● Provided information
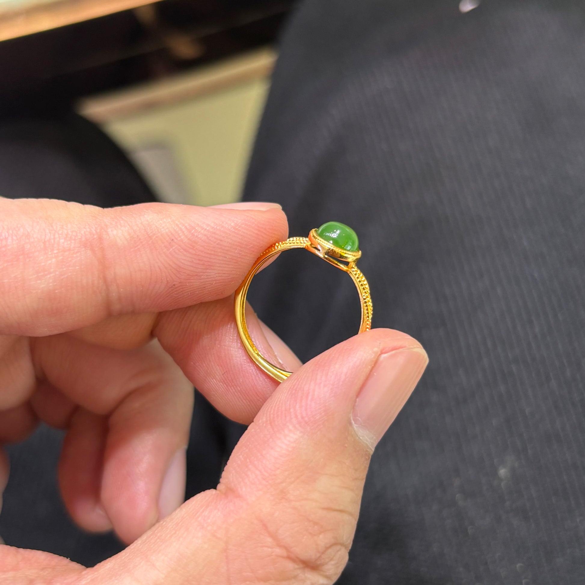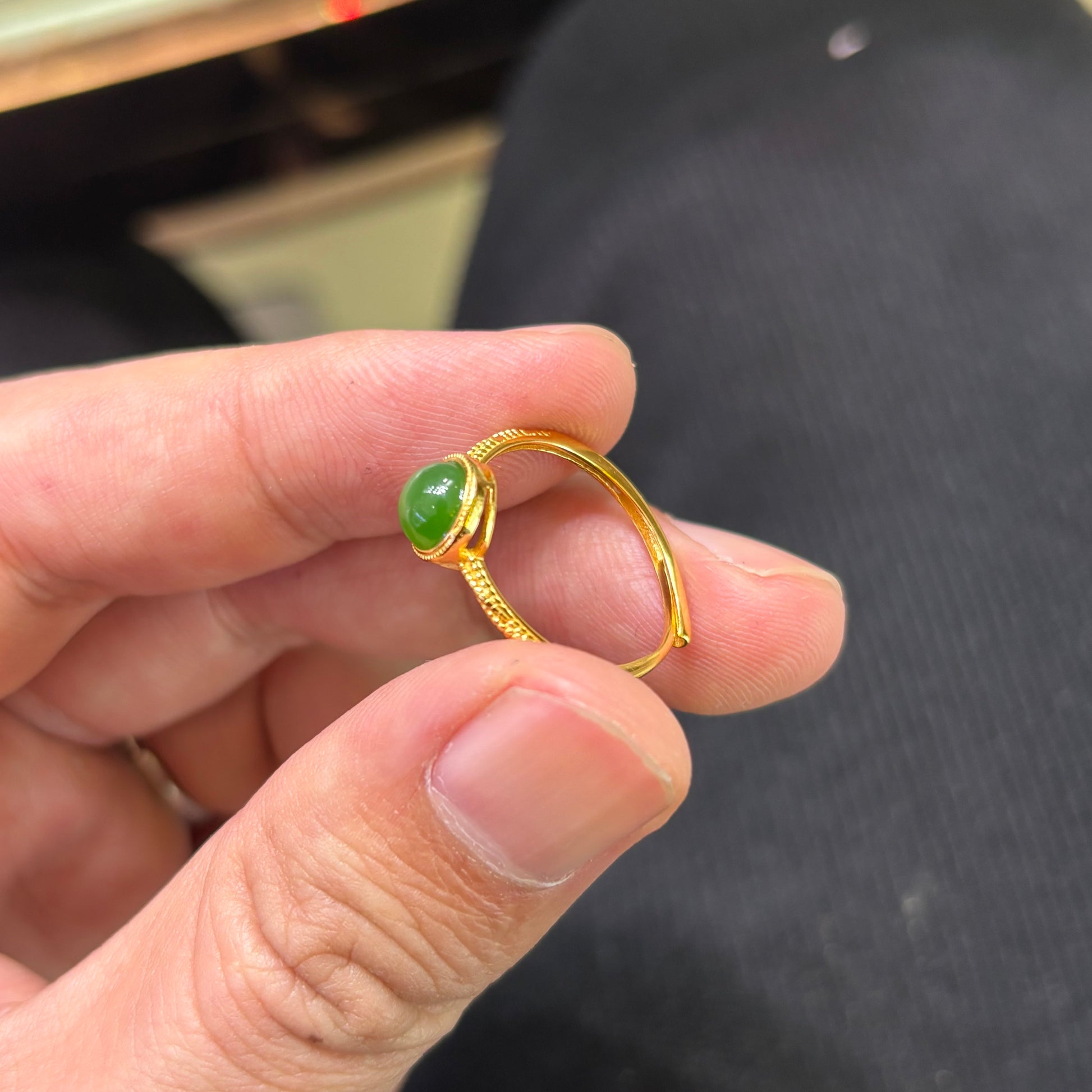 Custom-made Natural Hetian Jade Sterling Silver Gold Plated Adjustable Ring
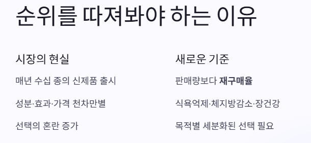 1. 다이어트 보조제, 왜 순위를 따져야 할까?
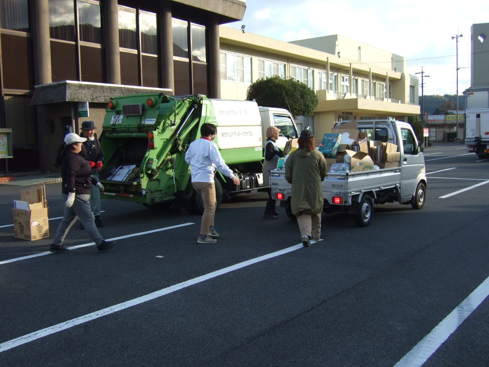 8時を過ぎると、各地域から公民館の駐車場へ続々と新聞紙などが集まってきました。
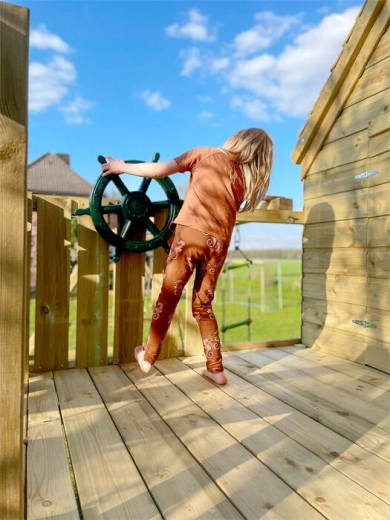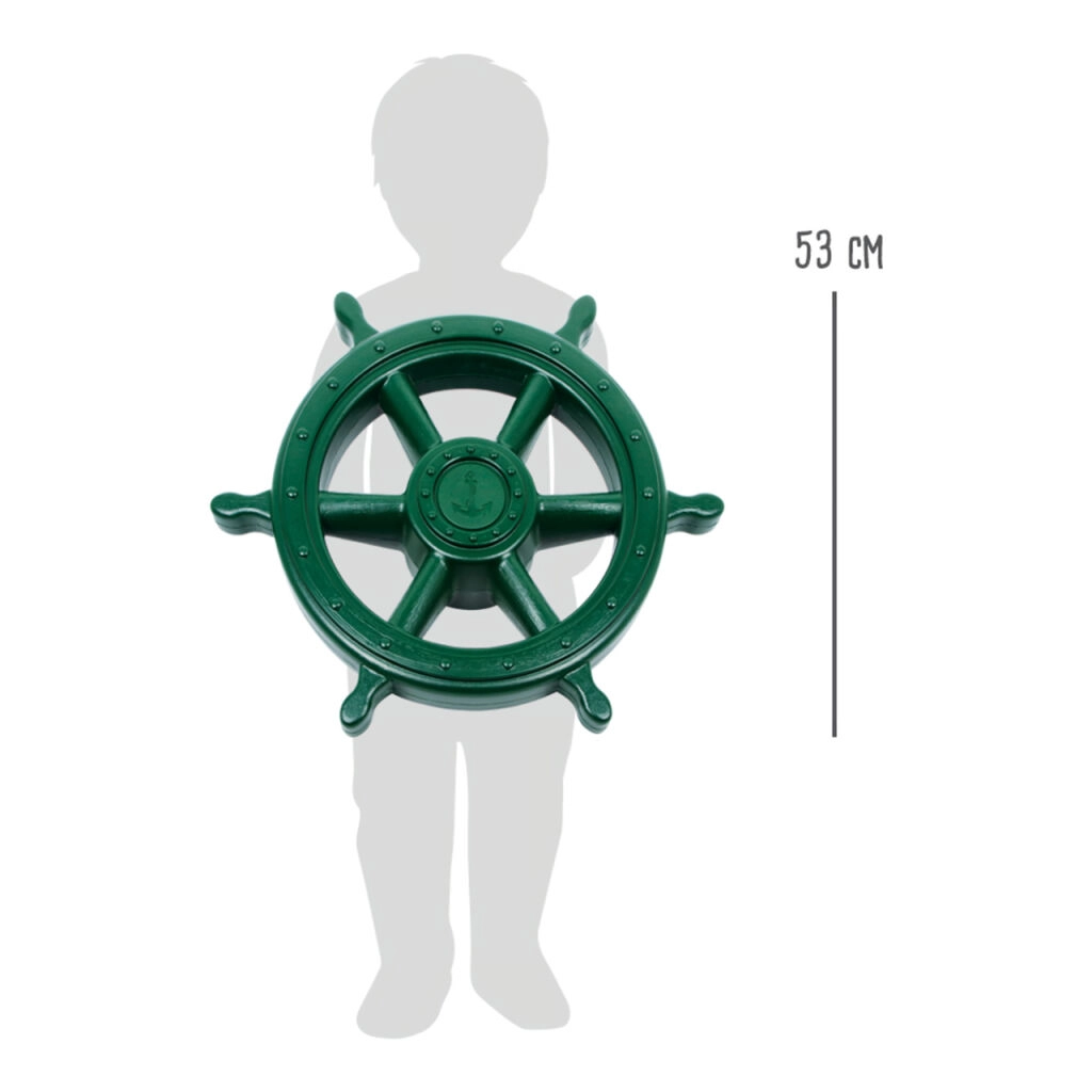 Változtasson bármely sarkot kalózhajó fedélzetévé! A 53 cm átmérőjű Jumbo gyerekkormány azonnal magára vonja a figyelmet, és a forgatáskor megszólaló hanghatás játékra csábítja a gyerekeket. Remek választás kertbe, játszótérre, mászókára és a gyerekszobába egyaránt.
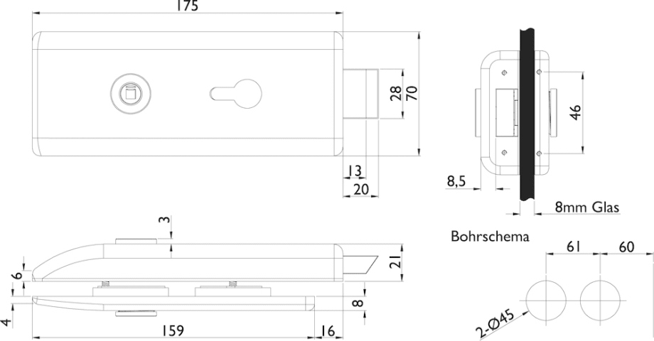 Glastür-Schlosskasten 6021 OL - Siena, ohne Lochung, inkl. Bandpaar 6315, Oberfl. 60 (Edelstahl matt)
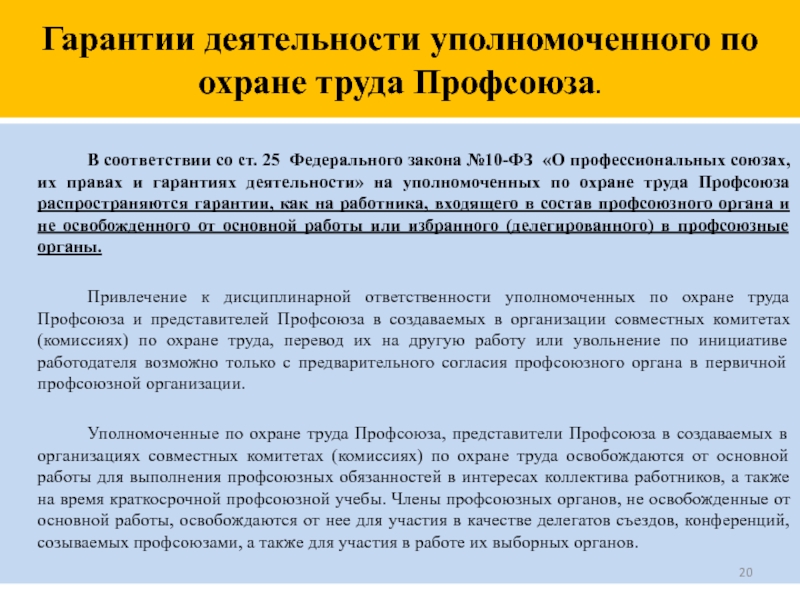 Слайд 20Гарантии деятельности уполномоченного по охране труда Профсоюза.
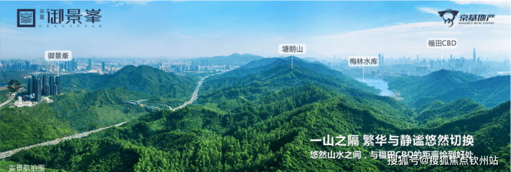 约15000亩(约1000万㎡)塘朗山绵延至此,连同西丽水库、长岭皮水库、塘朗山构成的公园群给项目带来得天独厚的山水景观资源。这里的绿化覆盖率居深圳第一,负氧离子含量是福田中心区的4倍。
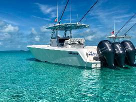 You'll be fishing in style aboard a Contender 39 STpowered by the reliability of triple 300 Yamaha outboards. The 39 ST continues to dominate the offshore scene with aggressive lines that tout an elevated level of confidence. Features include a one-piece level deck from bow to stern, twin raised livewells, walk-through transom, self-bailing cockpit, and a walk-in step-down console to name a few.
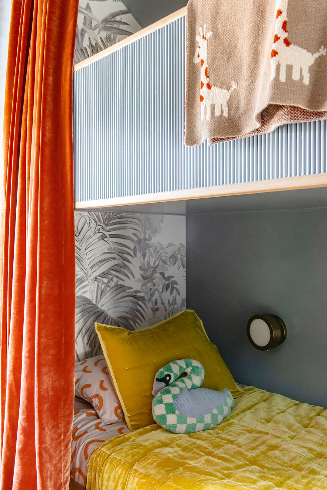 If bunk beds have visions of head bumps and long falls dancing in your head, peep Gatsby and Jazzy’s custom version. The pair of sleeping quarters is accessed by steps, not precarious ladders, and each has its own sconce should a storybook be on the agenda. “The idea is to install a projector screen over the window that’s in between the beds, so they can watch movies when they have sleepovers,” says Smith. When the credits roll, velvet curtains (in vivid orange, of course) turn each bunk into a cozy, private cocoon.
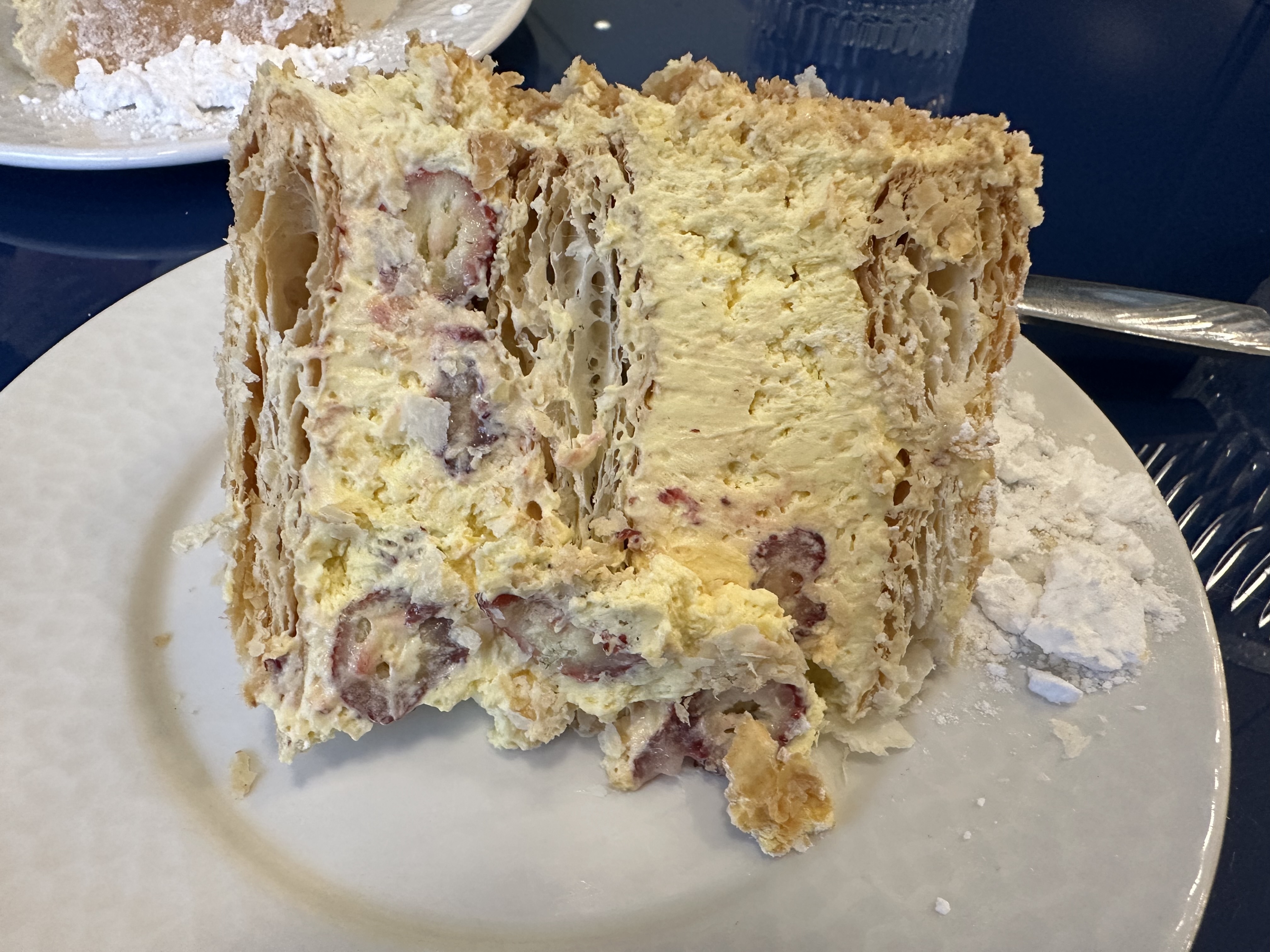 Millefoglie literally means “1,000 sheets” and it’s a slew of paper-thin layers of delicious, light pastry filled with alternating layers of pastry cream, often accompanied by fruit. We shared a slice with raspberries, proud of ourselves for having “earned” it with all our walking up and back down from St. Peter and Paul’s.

● Activity
Only one part of the material above is wanted: the lines from the one with "约15000亩(约1000万" up to and including the one with "You'll be fishing". Please copy them exactly, pictures left out.

● Answer space
 约15000亩(约1000万㎡)塘朗山绵延至此,连同西丽水库、长岭皮水库、塘朗山构成的公园群给项目带来得天独厚的山水景观资源。这里的绿化覆盖率居深圳第一,负氧离子含量是福田中心区的4倍。
 You'll be fishing in style aboard a Contender 39 STpowered by the reliability of triple 300 Yamaha outboards. The 39 ST continues to dominate the offshore scene with aggressive lines that tout an elevated level of confidence. Features include a one-piece level deck from bow to stern, twin raised livewells, walk-through transom, self-bailing cockpit, and a walk-in step-down console to name a few.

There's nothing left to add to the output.